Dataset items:

*** Begin section ***

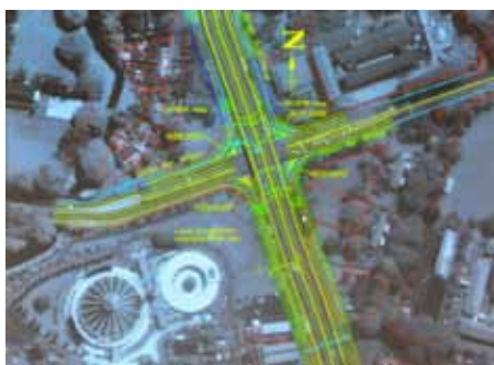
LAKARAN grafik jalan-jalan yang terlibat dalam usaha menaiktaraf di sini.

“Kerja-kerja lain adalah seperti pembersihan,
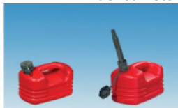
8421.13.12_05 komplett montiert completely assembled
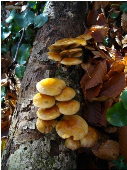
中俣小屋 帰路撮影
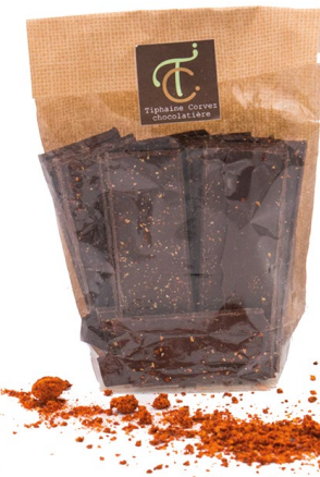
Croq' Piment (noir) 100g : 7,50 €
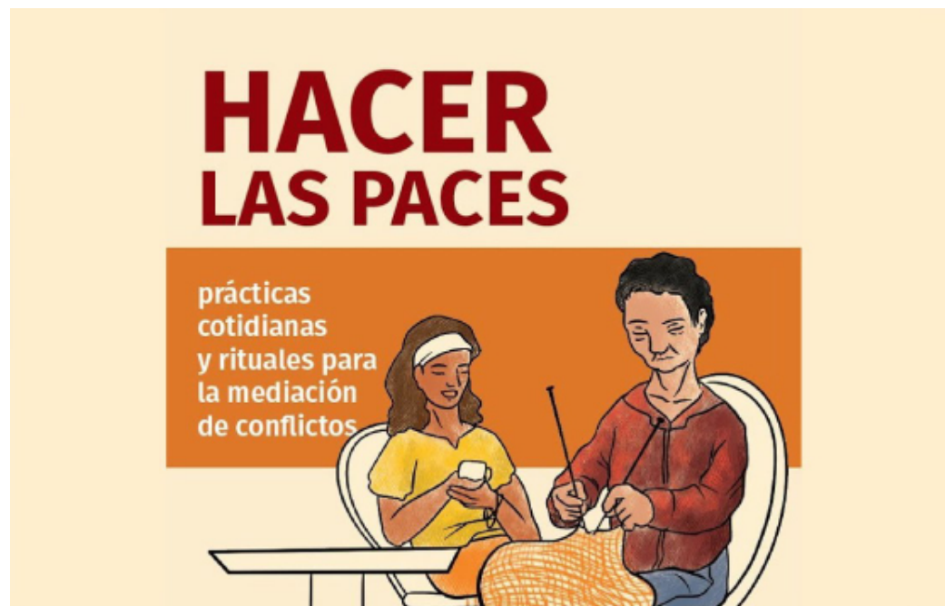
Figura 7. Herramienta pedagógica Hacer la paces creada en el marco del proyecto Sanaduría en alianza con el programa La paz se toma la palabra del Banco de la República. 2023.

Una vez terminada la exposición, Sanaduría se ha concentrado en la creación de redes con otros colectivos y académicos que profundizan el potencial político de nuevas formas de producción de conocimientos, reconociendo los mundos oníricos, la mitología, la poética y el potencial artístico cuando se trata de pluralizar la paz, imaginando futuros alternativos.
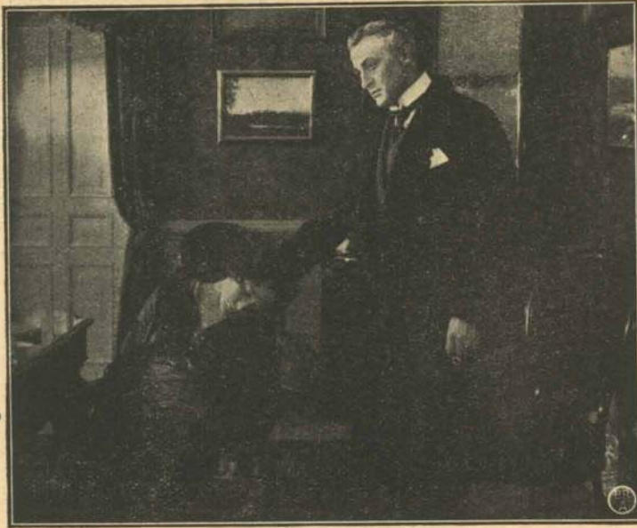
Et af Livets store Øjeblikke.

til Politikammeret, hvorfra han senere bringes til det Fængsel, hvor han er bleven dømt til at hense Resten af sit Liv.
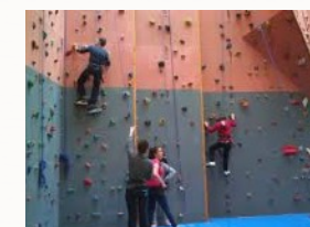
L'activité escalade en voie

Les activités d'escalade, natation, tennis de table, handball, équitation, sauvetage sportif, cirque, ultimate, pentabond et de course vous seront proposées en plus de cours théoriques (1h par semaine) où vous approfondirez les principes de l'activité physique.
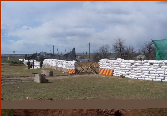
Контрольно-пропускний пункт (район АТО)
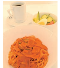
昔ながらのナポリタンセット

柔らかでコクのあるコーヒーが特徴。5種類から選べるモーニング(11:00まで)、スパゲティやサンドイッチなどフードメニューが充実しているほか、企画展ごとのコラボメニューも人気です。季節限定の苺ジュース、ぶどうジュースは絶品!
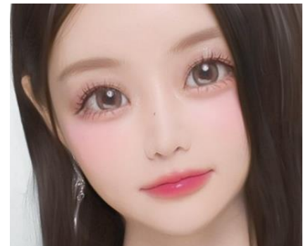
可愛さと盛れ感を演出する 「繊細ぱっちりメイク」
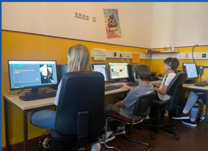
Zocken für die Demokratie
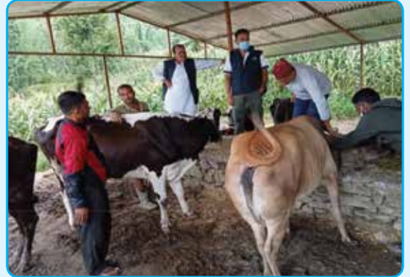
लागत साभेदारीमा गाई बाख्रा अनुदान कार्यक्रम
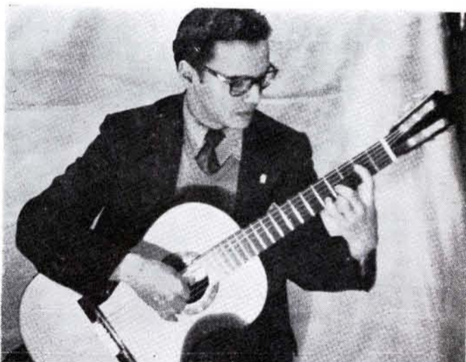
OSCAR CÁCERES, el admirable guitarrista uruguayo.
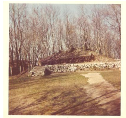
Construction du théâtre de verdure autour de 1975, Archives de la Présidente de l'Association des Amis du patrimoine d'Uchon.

*** End section ***

• **Task**:
Please repeat, with no pictures, each line from the start of the records above through the line with "Et af Livets store Øjeblikke.", inclusive, and only those.

• **Written answer**:
LAKARAN grafik jalan-jalan yang terlibat dalam usaha menaiktaraf di sini.

“Kerja-kerja lain adalah seperti pembersihan,
8421.13.12_05 komplett montiert completely assembled
中俣小屋 帰路撮影
Croq' Piment (noir) 100g : 7,50 €
Figura 7. Herramienta pedagógica Hacer la paces creada en el marco del proyecto Sanaduría en alianza con el programa La paz se toma la palabra del Banco de la República. 2023.

Una vez terminada la exposición, Sanaduría se ha concentrado en la creación de redes con otros colectivos y académicos que profundizan el potencial político de nuevas formas de producción de conocimientos, reconociendo los mundos oníricos, la mitología, la poética y el potencial artístico cuando se trata de pluralizar la paz, imaginando futuros alternativos.
Et af Livets store Øjeblikke.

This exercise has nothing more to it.